Records to process START

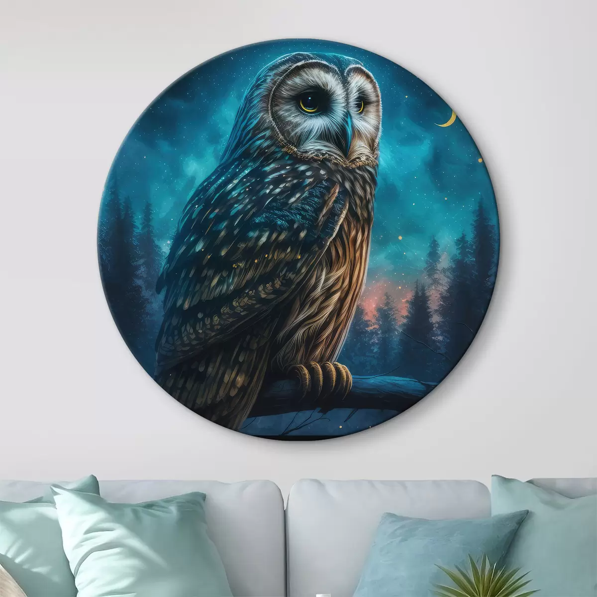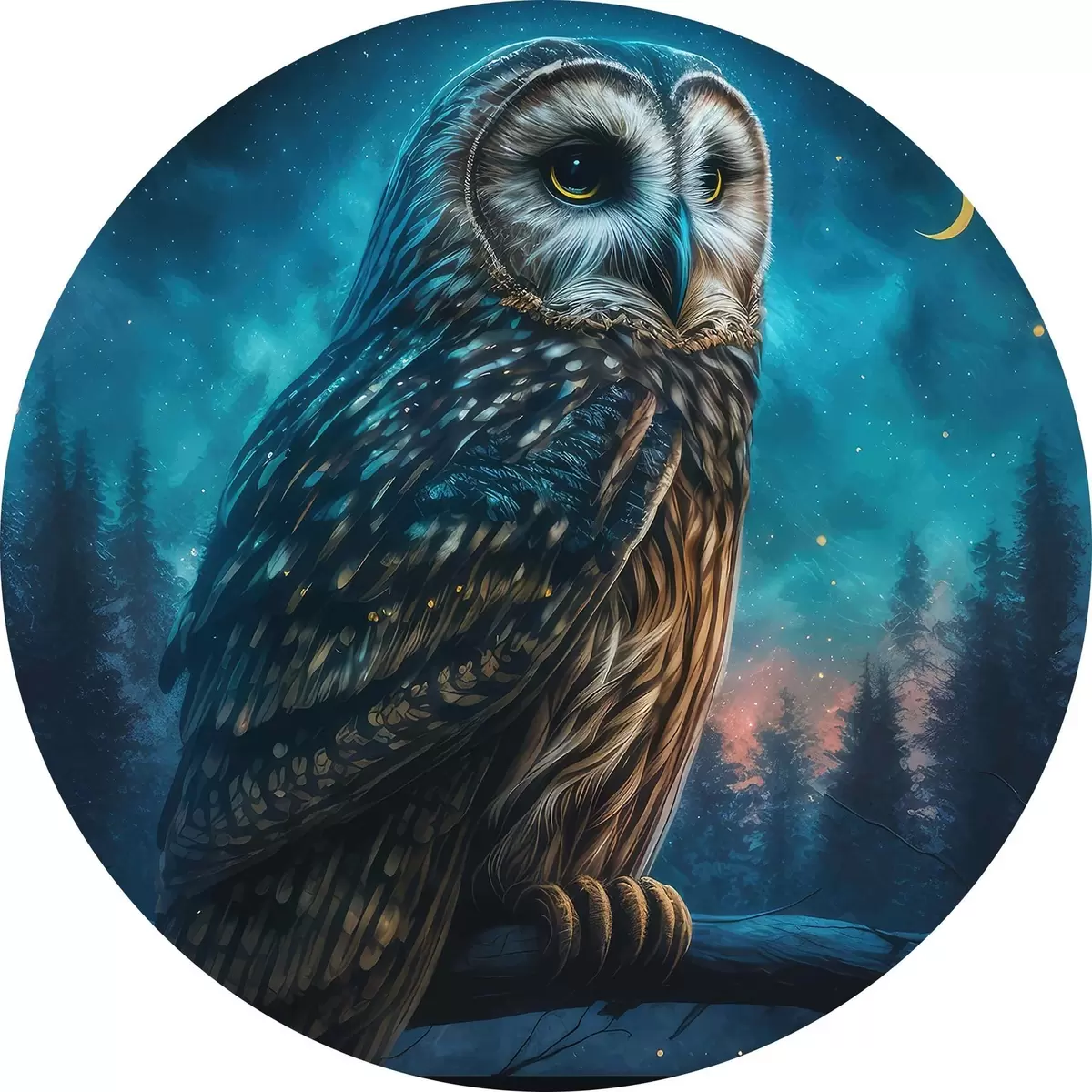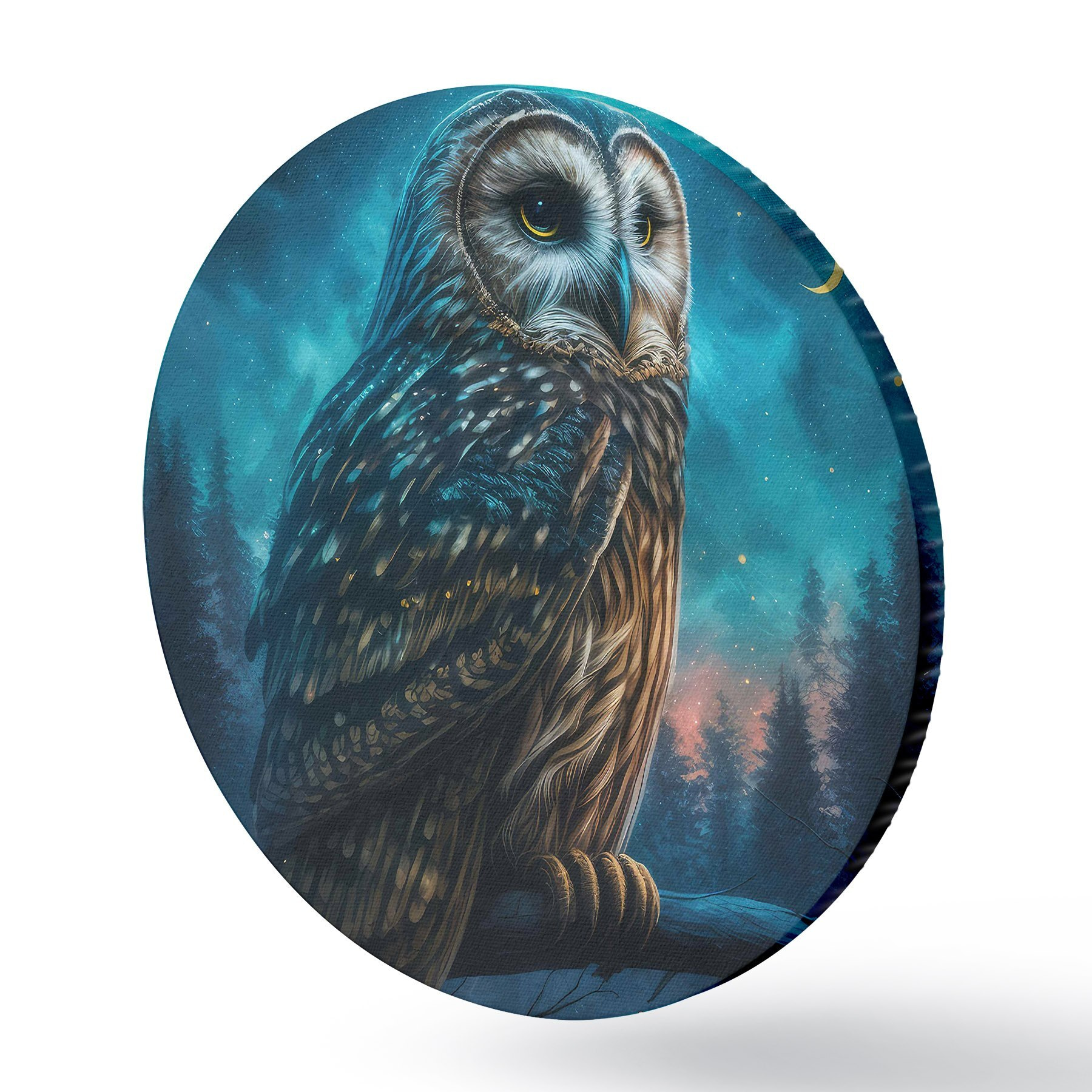 Ronde schilderijen Uil in het nachtbos r33544
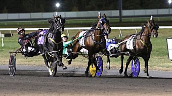 Louprint got the lead midway on the first turn and brought the field to the opening quarter in :27.1. Fallout and driver Tim Tetrick, though, were already closing in and took over the top spot on their way to a :55.2 half. Fallout remained in front at three-quarters, reached in 1:22.3, but faced pressure from Louprint as they came out of the final turn.
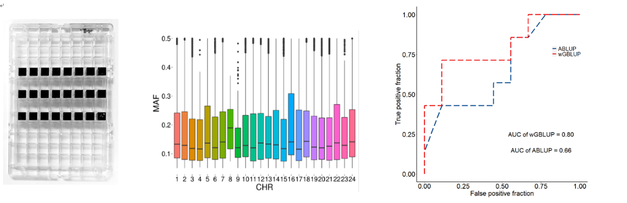 魚類種質(zhì)資源與分子育種創(chuàng)新團隊在前期完成1000多個半滑舌鰨個體全基因組重測序的基礎上,自主設計了SNP位點篩選策略,整合了抗哈維氏弧病、生長等性狀相關位點,選取38295個SNP,聯(lián)合Affymetrix公司研制了基因芯片“鰨芯1號”,建立了基于基因芯片的半滑舌鰨抗病基因組選擇育種技術(shù),并應用于抗細菌病良種選育,為抗病良種培育提供了技術(shù)支撐。相關成果在Genomics發(fā)表。
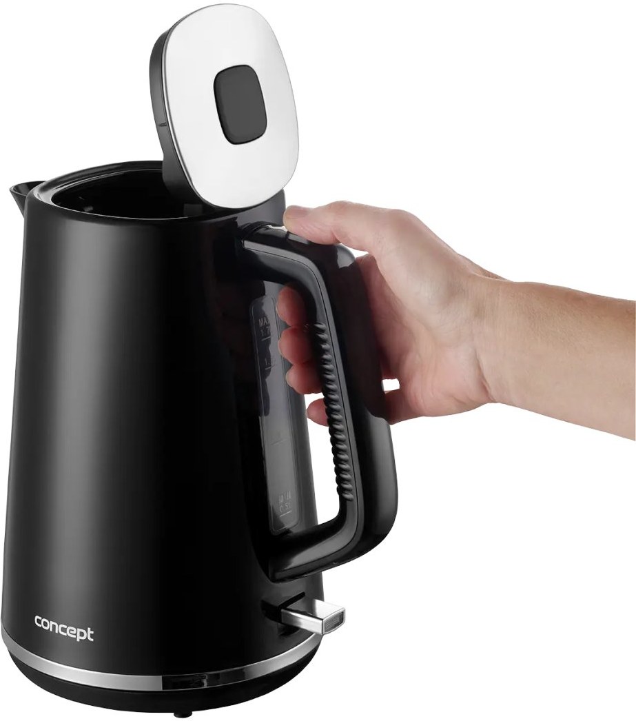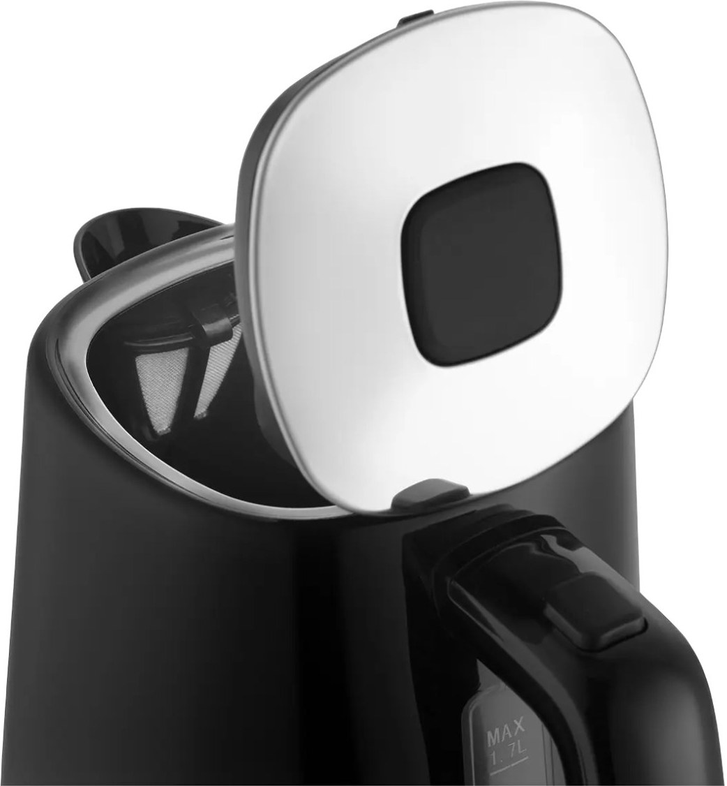 Kanvica je opatrená tlačidlom, ktoré umožňuje jednoduché a rýchle otvorenie veka jedným stlačením, čo zvyšuje užívateľský komfort pri plnení vodou. Hladké dno so skrytým vykurovacím telesom zamedzuje usadzovaniu nečistôt. Veľký vodoznak pod rukoväťou ponúka prehľad o množstve vody vo vnútri kanvice. Praktický je aj plne otočný podstavec s priestorom na uschovanie prebytočného kábla, na ktorý môžete kanvicu postaviť z akéhokoľvek uhla.
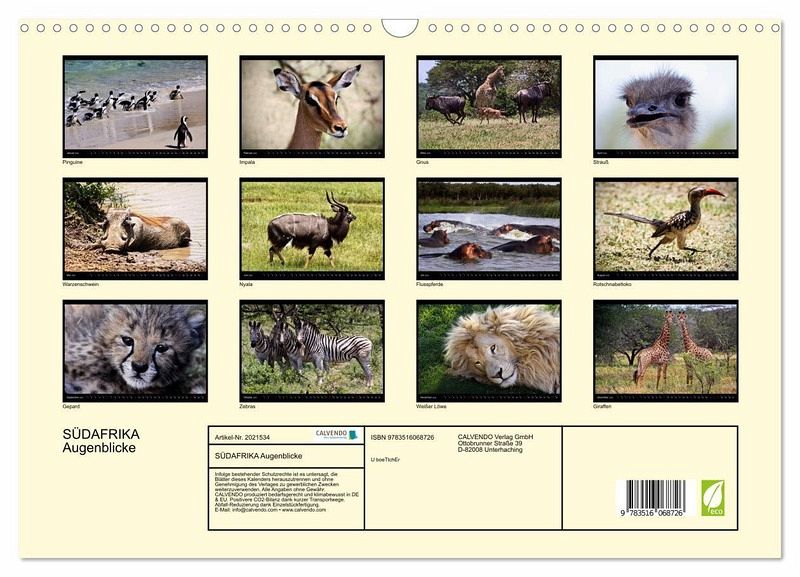 QUALITÄT - Hochwertiger Fotokalender mit 12 wunderschönen Motiven auf lichtbeständigem Bilderdruckpapier, robuste Spiralbindung mit Aufhängebügel.NACHHALTIG - deutliche Abfallreduzierung durch bedarfsgerechte Einzelstückfertigung, umweltfreundliches FSC-zertifiziertes Papier, Produktion in Deutschland, klimabewusste Logistik.PERFEKTES GESCHENK - Kalender für Freunde und Familie, für Kinder und Erwachsene, jung und alt, zu Weihnachten, Geburtstag oder zwischendurch.VIELFALT - Bildkalender in verschiedenen Formaten, z.B. DIN A5, DIN A4, DIN A3 sowie DIN A2. Ob Naturmotiv, Gemälde oder Fotos, ideal für ein persönliches Wohlfühlambiente.Südafrika - Faszination Safari von Autor(in): U boeTtchEr
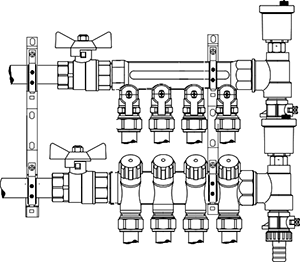 Коллектор с регулирующими вентилями, 1" х 4 вых. х3/4" нар. | VTc.560.NE.060504 | 1 | шт. |
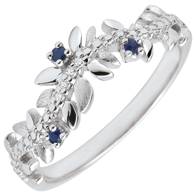 O alternanţă de frunze de aur alb strălucitoare şi de frunze cu lustru periat manual într-un inel romantic încrustat cu diamante şi safire.

Records to process END

● Action item
Repeat the data above exactly, leaving out any pictures it holds.

● Task result
 Ronde schilderijen Uil in het nachtbos r33544
 Louprint got the lead midway on the first turn and brought the field to the opening quarter in :27.1. Fallout and driver Tim Tetrick, though, were already closing in and took over the top spot on their way to a :55.2 half. Fallout remained in front at three-quarters, reached in 1:22.3, but faced pressure from Louprint as they came out of the final turn.
 魚類種質(zhì)資源與分子育種創(chuàng)新團隊在前期完成1000多個半滑舌鰨個體全基因組重測序的基礎上,自主設計了SNP位點篩選策略,整合了抗哈維氏弧病、生長等性狀相關位點,選取38295個SNP,聯(lián)合Affymetrix公司研制了基因芯片“鰨芯1號”,建立了基于基因芯片的半滑舌鰨抗病基因組選擇育種技術(shù),并應用于抗細菌病良種選育,為抗病良種培育提供了技術(shù)支撐。相關成果在Genomics發(fā)表。
 Kanvica je opatrená tlačidlom, ktoré umožňuje jednoduché a rýchle otvorenie veka jedným stlačením, čo zvyšuje užívateľský komfort pri plnení vodou. Hladké dno so skrytým vykurovacím telesom zamedzuje usadzovaniu nečistôt. Veľký vodoznak pod rukoväťou ponúka prehľad o množstve vody vo vnútri kanvice. Praktický je aj plne otočný podstavec s priestorom na uschovanie prebytočného kábla, na ktorý môžete kanvicu postaviť z akéhokoľvek uhla.
 QUALITÄT - Hochwertiger Fotokalender mit 12 wunderschönen Motiven auf lichtbeständigem Bilderdruckpapier, robuste Spiralbindung mit Aufhängebügel.NACHHALTIG - deutliche Abfallreduzierung durch bedarfsgerechte Einzelstückfertigung, umweltfreundliches FSC-zertifiziertes Papier, Produktion in Deutschland, klimabewusste Logistik.PERFEKTES GESCHENK - Kalender für Freunde und Familie, für Kinder und Erwachsene, jung und alt, zu Weihnachten, Geburtstag oder zwischendurch.VIELFALT - Bildkalender in verschiedenen Formaten, z.B. DIN A5, DIN A4, DIN A3 sowie DIN A2. Ob Naturmotiv, Gemälde oder Fotos, ideal für ein persönliches Wohlfühlambiente.Südafrika - Faszination Safari von Autor(in): U boeTtchEr
 Коллектор с регулирующими вентилями, 1" х 4 вых. х3/4" нар. | VTc.560.NE.060504 | 1 | шт. |
 O alternanţă de frunze de aur alb strălucitoare şi de frunze cu lustru periat manual într-un inel romantic încrustat cu diamante şi safire.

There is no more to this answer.